Хава Пойзнер тоже осталась в том же батистовом платье, которое было на ней, когда она каталась с Деслером по городу. Она сидела в углу на диванчике, одна, будто все о ней позабыли, с таким равнодушным видом, словно это была уже десятая помолвка в ее жизни, мол, надоело, скорее бы все закончилось.

Деслер, в новом пиджаке и белой рубашке с широким воротником, сидел за столом без шляпы и говорил по-русски, а раввин, резник и кантор слушали и во всем подражали друг другу, как обезьяны. Точно статисты на сцене, в костюмах, взятых напрокат, и с накладными бородами, суетились они, выбирая себе угощение к чаю. Наконец без всякого напоминания пересели за низенький столик, тоже накрытый белой скатертью, и при свете единственной свечи втроем начали составлять договор о помолвке, хотя для этой работы достаточно было бы и одного человека.

За большим столом остался только родственник Пойзнера, седой старик. На нем были новый бархатный картуз и старый атласный кафтан, а лицо, украшенное густой серебряной бородой, выглядело свежим, как после бани. Придвинув к себе подсвечник, он склонился над толстым старинным молитвенником и серьезно, нараспев благословлял Всевышнего за изысканные яства, которые собирался отведать сегодняшним вечером.
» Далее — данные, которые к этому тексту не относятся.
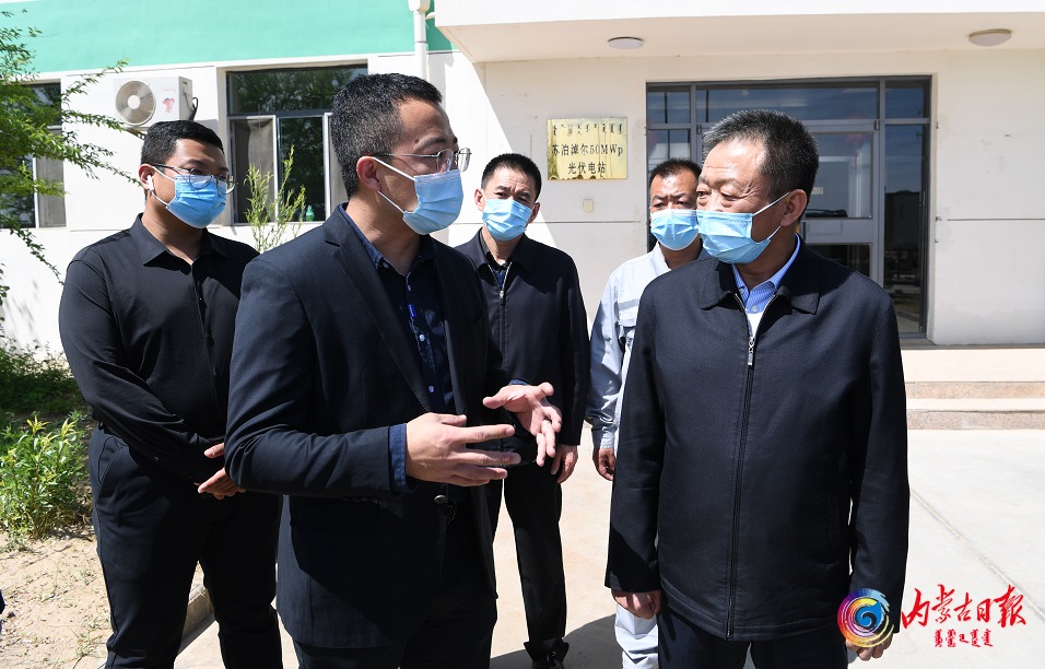 5月16日,自治區(qū)黨委書記孫紹騁在蘇泊淖爾光伏電站,調(diào)研新能源項(xiàng)目建設(shè)。內(nèi)蒙古日?qǐng)?bào)社融媒體記者 袁永紅 攝

Из-за маленького столика позвали:

— Сват!

Азриэлу Пойзнеру пришлось подойти. Он велел вычеркнуть чуть ли не все, что включили в договор, а когда дошли до места, где надо было вписать имя жениха, оказалось, что никто не знает, как зовут его отца. Все знали, что его отец живет в большом городе, что он богатейший торговец кошерным мясом, но никто не знал его имени. Смущенно смотрели, как служка подходит к Деслеру и спрашивает у него, у самого жениха.

Вдруг тихо отворилась дверь, и Хаву Пойзнер позвали из столовой в коридор, а потом дальше, на кухню. Она пробыла там какую-то пару минут, но когда вернулась, ее лицо пылало от гнева, губы дрожали. Мать шла за ней, что-то спрашивала, но Хава была не в состоянии говорить.

«Как нахально и грубо, — сказала она наконец. — Она даже представить себе не могла, что человек способен на такие низкие поступки».

Потом в городе обсуждали: около часу ночи, когда прочитали договор и разбили тарелку, в доме Азриэла Пойзнера сразу стало весело. Пришли с поздравлениями мадам Бромберг, ее новая подруга — жена раввина, еще кто-то из близких. Гуляли всю ночь. Но вроде бы чуть раньше в заднюю дверь постучался какой-то человек, прошел на кухню и спросил у служанки:

— Это правда? У Хавы Пойзнер и Деслера сегодня помолвка?

Никто не хотел назвать имени этого человека, но на другой день после помолвки множество народу прошло мимо двери заведующего Прегера. Им интересно было на него посмотреть — и правда, весь город его ненавидел. Три четверти жителей были его заклятыми врагами.

Однако Прегер был спокоен. Конечно, если бы он допустил, чтобы сбылась хоть половина того, чего ему желали, от него бы и горсти пыли не осталось. К служанке Хайке он тут же совершенно охладел. Перестал встречаться с ней за заезжим домом, и его больше не волновало, что каждый вечер туда зачастил приказчик Йосл. Наоборот, он только желал ей всяческих успехов на этом поприще, этой Хайке.

Сам же он на другой день, как солидный пожилой человек, появился на улице в теплом коричневом пальто. Хотя, может быть, просто потому, что ему не сиделось дома, несмотря на то что погода испортилась, стало ветрено и промозгло, будто лето кончилось и зима не за горами. Весь день Прегер просидел у Бромбергов и очень много говорил. Позже встретил на улице Хаима-Мойше и завел с ним беседу.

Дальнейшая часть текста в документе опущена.